Sigh. It rarely works to ask a user to repeat the steps that led to the error, then write down the message and call you back. Apparently, most users have a very small window of concentration--they write down the first few words of an error message and think, "That’s enough." Many times, users who manage to write down most (or all) of the text make errors in their notes (of course, the errors usually involve the Error Message Number for which you have documentation), or they tell you they can’t read their handwriting. For users, supplying information about errors to technical personnel falls in the “I Think That’s Close Enough” category of collecting information.

The best way to get a handle on an error message is to see it for yourself. You could travel to the user’s office, but it’s easier to have the user take a picture of the error message and send it to you via email, or print it and bring it to your desk. Here are some easy-to-follow instructions you can deliver to your users.

How to Capture a Picture of the Screen

You can capture a picture of your computer monitor and save or print the picture with a few simple mouse clicks.

1. To capture everything you see on the monitor, press the Print Screen button on your keyboard.

2. To capture a specific open window (such as an Error Message dialog box), click the window’s title bar to make sure it’s the active window, then hold down the Alt key while you press the Print Screen key.

3. When you press Print Screen, Windows doesn't respond and nothing will seem to happen. This is normal, so don't press Print Screen again. You have captured the picture and saved it to the computer’s memory.

4. Now that the picture is saved in memory, open a program that's capable of displaying a graphics file. Most people use Paint (to open Paint, choose Start, Programs, Accessories, Paint) or Microsoft Word.

5. In Paint (or Word), choose Edit, Paste.

6. The picture you captured opens and you can save it or print it.

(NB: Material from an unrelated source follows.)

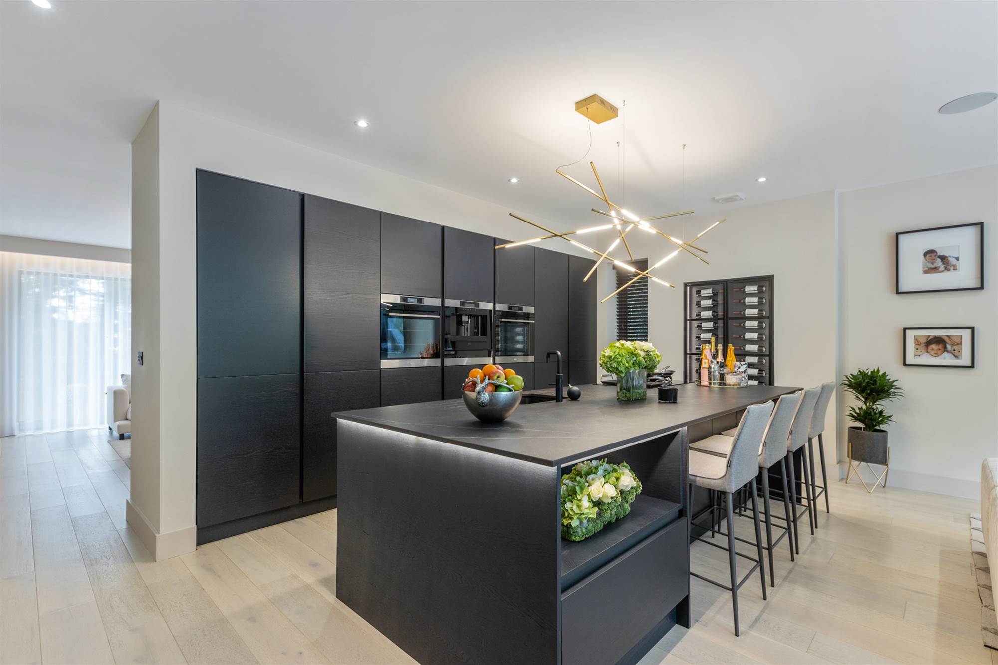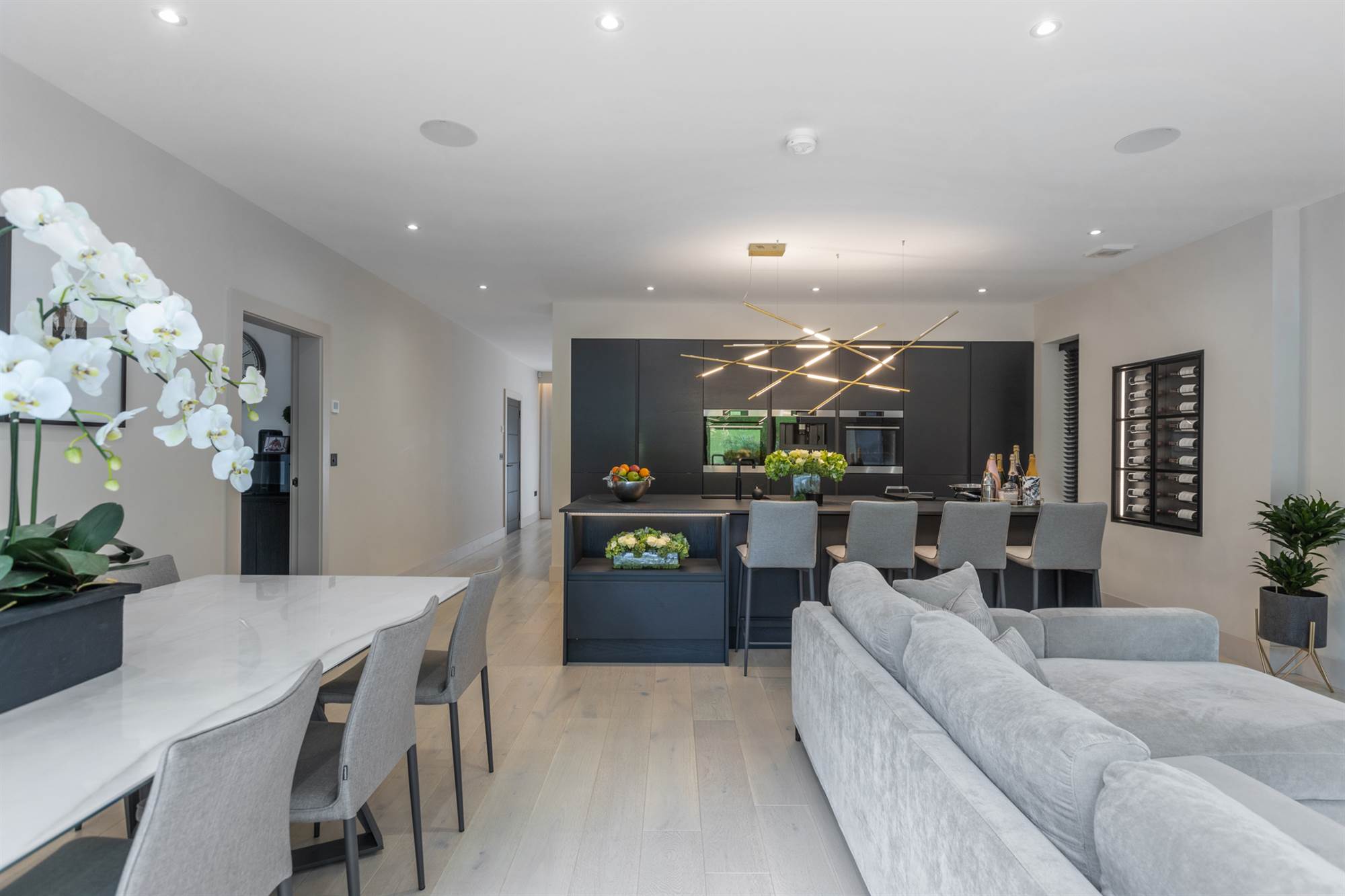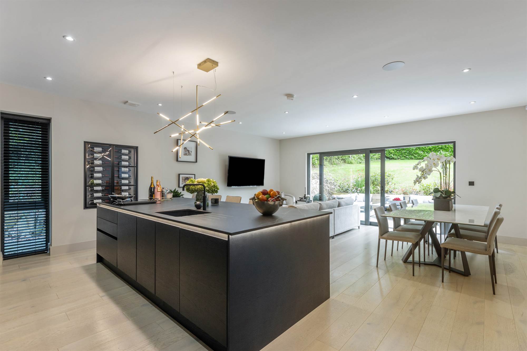 Central island with Dekton work surfaces, ceramic induction hob with extractor, built in wine rack, Quooker tap, dishwasher, fridge and freezer, coffee maker, plate warmer and two ovens, limed oak floor, sliding doors to rear.

Note that when you press the Print Screen key, the image is stored in memory via the Windows Clipboard, which will store only one set of data at a time. Therefore, if you need to capture more than one picture, you must go through all the steps to save or print the first graphic before you can capture the next one. In fact, if you use the Copy or Cut feature for anything at all (including text in a document or data on a Web page) after you've captured a screen, the new data will replace the screen capture. It’s also important to know that Windows doesn't save any data placed in the Windows Clipboard, so if you log off or restart the computer before you’ve pasted the data into a program that can display it, you'll lose that data.